**Dataset**

--

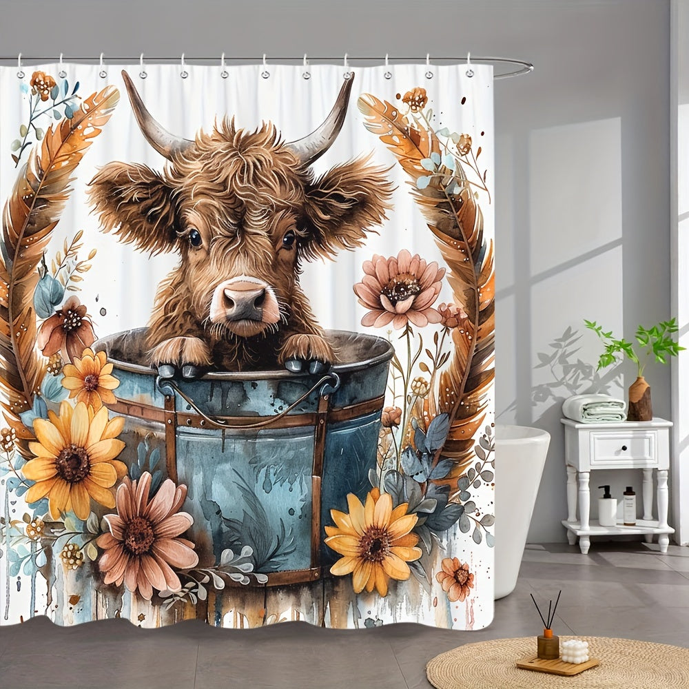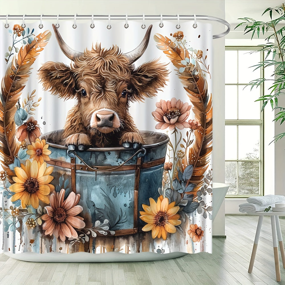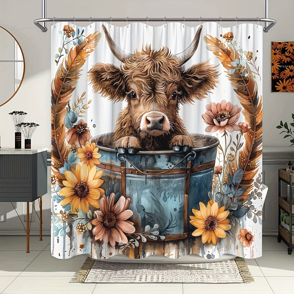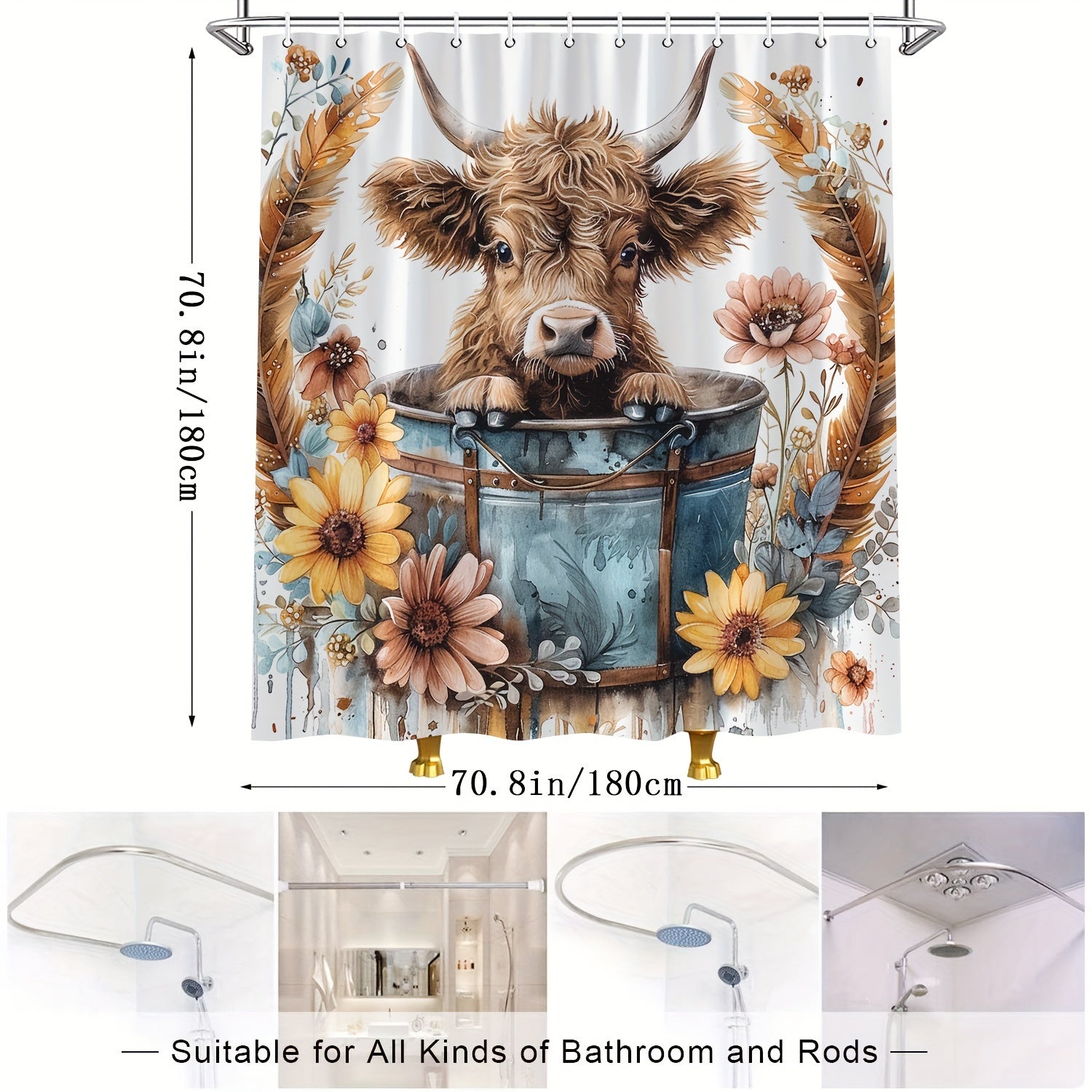 Qishloq uslubidagi Highland sigirining quyosh gullari, romashka va eukalipt dizayni bilan bezatilgan dush pardasi. Teshiklar bilan birga keladigan zamonaviy hammom ekrani. Suv o'tkazmaydigan mato, 179.83x179.83 sm. Uy hammom bezaklari uchun mukammal.
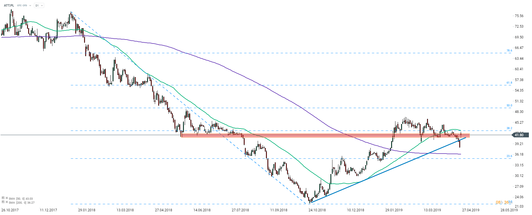 Po mocnych spadkach z 2018 roku, dzisiejszy wzrost kursu akcji Grupy Azoty (ATT.PL) daje trochę nadziei akcjonariuszom spółki. Niemniej jednak, cena znajduje się w obrębie strefy oporu oraz tuż poniżej kombinacji zniesienia 38,2% i 50-sesyjnej średniej kroczącej, tak więc dalsze wzrosty stoją pod znakiem zapytania. Źródło: xStation5
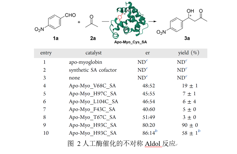 本研究中使用的肌红蛋白是一种由a螺旋血红素构成的小分子蛋白质,已被证明是一种极具多功能性的结构支架,可用于构建非天然活性。作者通过构建肌红蛋白变体,使其丧失天然结合血红素的能力,从而提供无辅基肌红蛋白骨架,随后在半胱氨酸残基上引入具有次级胺(SA)基团的合成辅因子构建出人工酶。基于肌红蛋白结构,作者选择了10个位置并将其突变为胱氨酸残基,以对合成的SA辅因子进行共价修饰,并且选择了丙酮与对硝基苯甲醛之间的缩醛反应作为研究的模型反应。经过筛选,有六种酶表现出可检测的对映选择性和催化活性,其中,Apo-Myo_H93C_SA显示出最高的反应活性和对映选择性,比例为80:20,产率为90%。此外,对反应条件的优化表明,降低温度和提高pH值能够提高对映选择性,其比例为86:14。
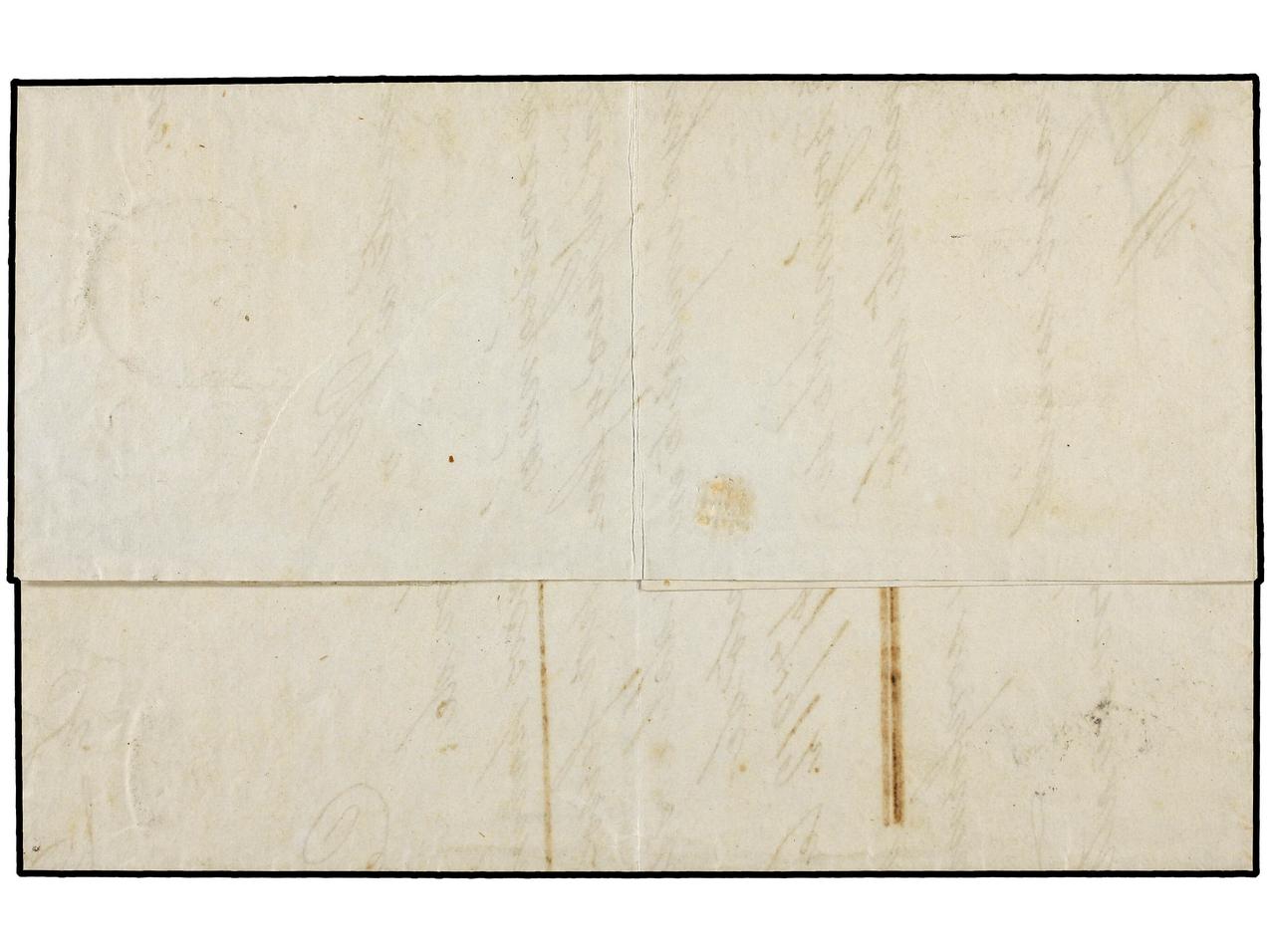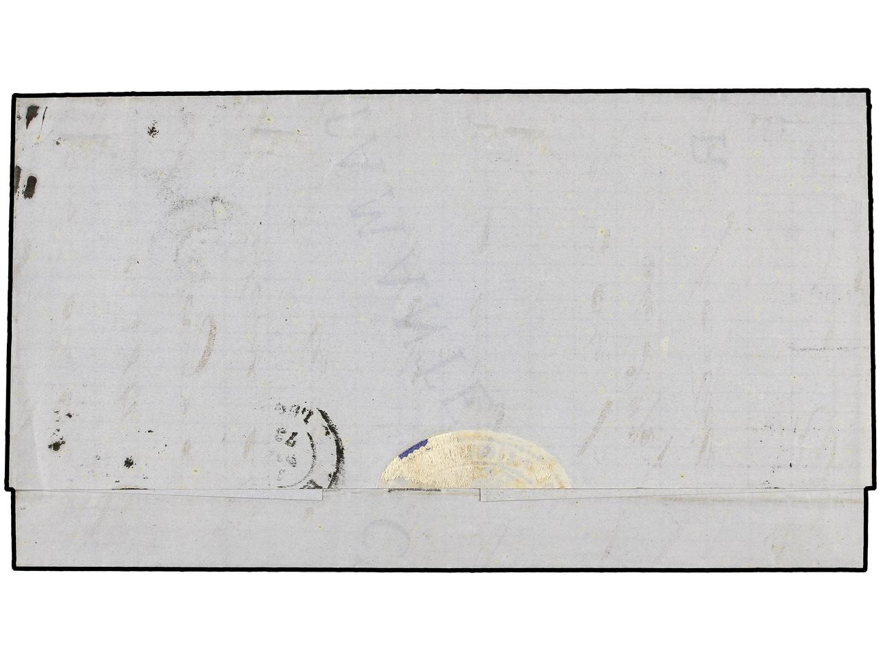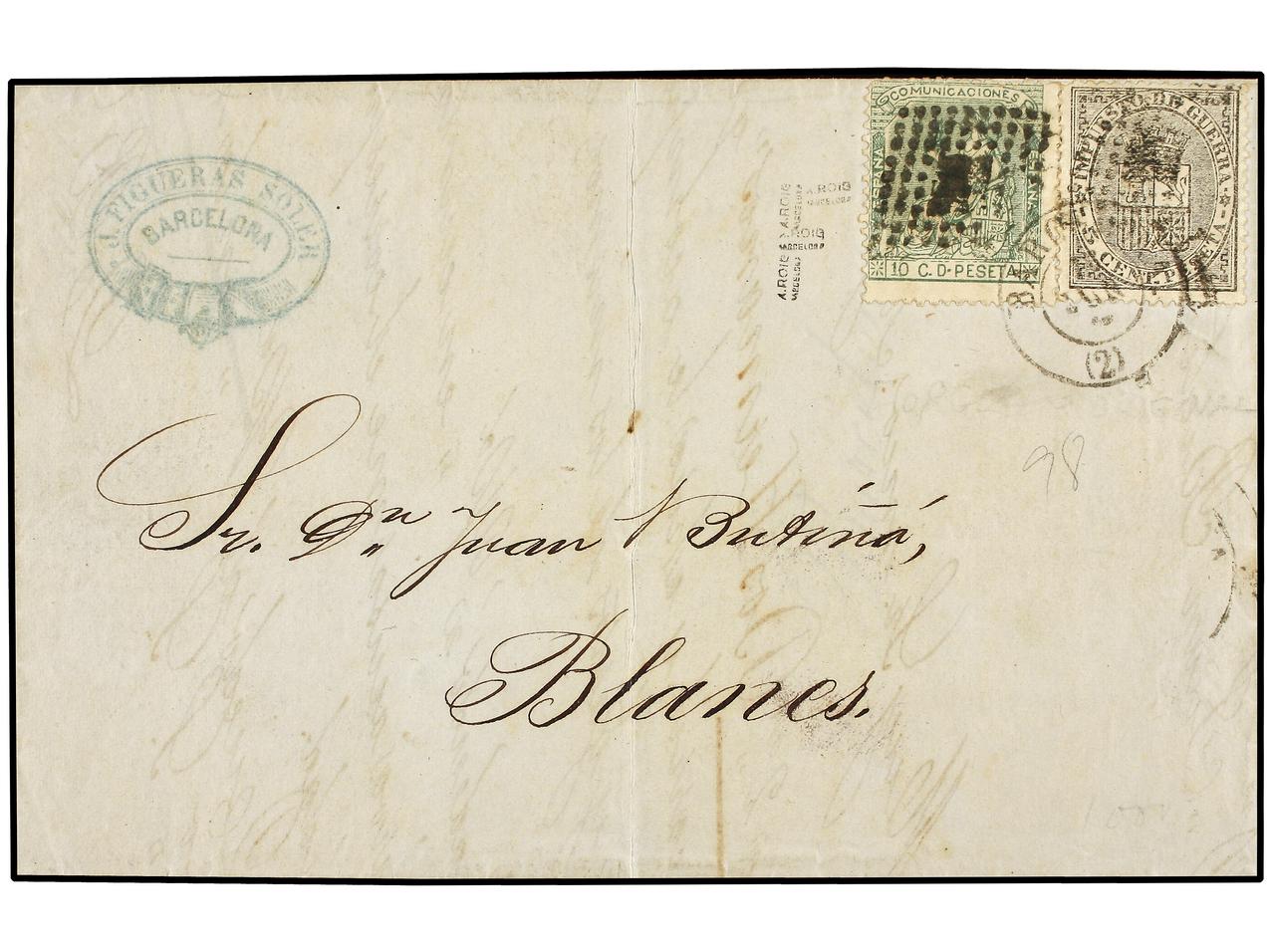 ESPAÑA. 1874. BARCELONA A BLANES. 10 cent. verde. FALSO POSTAL tipo III y sello de Imp. de Guerra de 5 cts. negro. Mat. rombo de puntos y fechador de BARCELONA. RARO EN CARTA. (Graus 182 III). F. Roig. Ed.133F, 141. (Image1) (Image2)
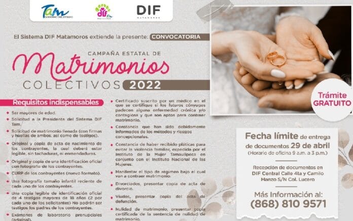 A partir de este jueves 07 de abril el Sistema DIF Matamoros iniciará la recepción de documentos de la Campaña Estatal de Matrimonios Colectivos que realiza el Sistema DIF Tamaulipas.

--

**Exercise directions**
Give back the listing exactly, without a single picture.

**Output**
 Qishloq uslubidagi Highland sigirining quyosh gullari, romashka va eukalipt dizayni bilan bezatilgan dush pardasi. Teshiklar bilan birga keladigan zamonaviy hammom ekrani. Suv o'tkazmaydigan mato, 179.83x179.83 sm. Uy hammom bezaklari uchun mukammal.
 Po mocnych spadkach z 2018 roku, dzisiejszy wzrost kursu akcji Grupy Azoty (ATT.PL) daje trochę nadziei akcjonariuszom spółki. Niemniej jednak, cena znajduje się w obrębie strefy oporu oraz tuż poniżej kombinacji zniesienia 38,2% i 50-sesyjnej średniej kroczącej, tak więc dalsze wzrosty stoją pod znakiem zapytania. Źródło: xStation5
 本研究中使用的肌红蛋白是一种由a螺旋血红素构成的小分子蛋白质,已被证明是一种极具多功能性的结构支架,可用于构建非天然活性。作者通过构建肌红蛋白变体,使其丧失天然结合血红素的能力,从而提供无辅基肌红蛋白骨架,随后在半胱氨酸残基上引入具有次级胺(SA)基团的合成辅因子构建出人工酶。基于肌红蛋白结构,作者选择了10个位置并将其突变为胱氨酸残基,以对合成的SA辅因子进行共价修饰,并且选择了丙酮与对硝基苯甲醛之间的缩醛反应作为研究的模型反应。经过筛选,有六种酶表现出可检测的对映选择性和催化活性,其中,Apo-Myo_H93C_SA显示出最高的反应活性和对映选择性,比例为80:20,产率为90%。此外,对反应条件的优化表明,降低温度和提高pH值能够提高对映选择性,其比例为86:14。
 ESPAÑA. 1874. BARCELONA A BLANES. 10 cent. verde. FALSO POSTAL tipo III y sello de Imp. de Guerra de 5 cts. negro. Mat. rombo de puntos y fechador de BARCELONA. RARO EN CARTA. (Graus 182 III). F. Roig. Ed.133F, 141. (Image1) (Image2)
 A partir de este jueves 07 de abril el Sistema DIF Matamoros iniciará la recepción de documentos de la Campaña Estatal de Matrimonios Colectivos que realiza el Sistema DIF Tamaulipas.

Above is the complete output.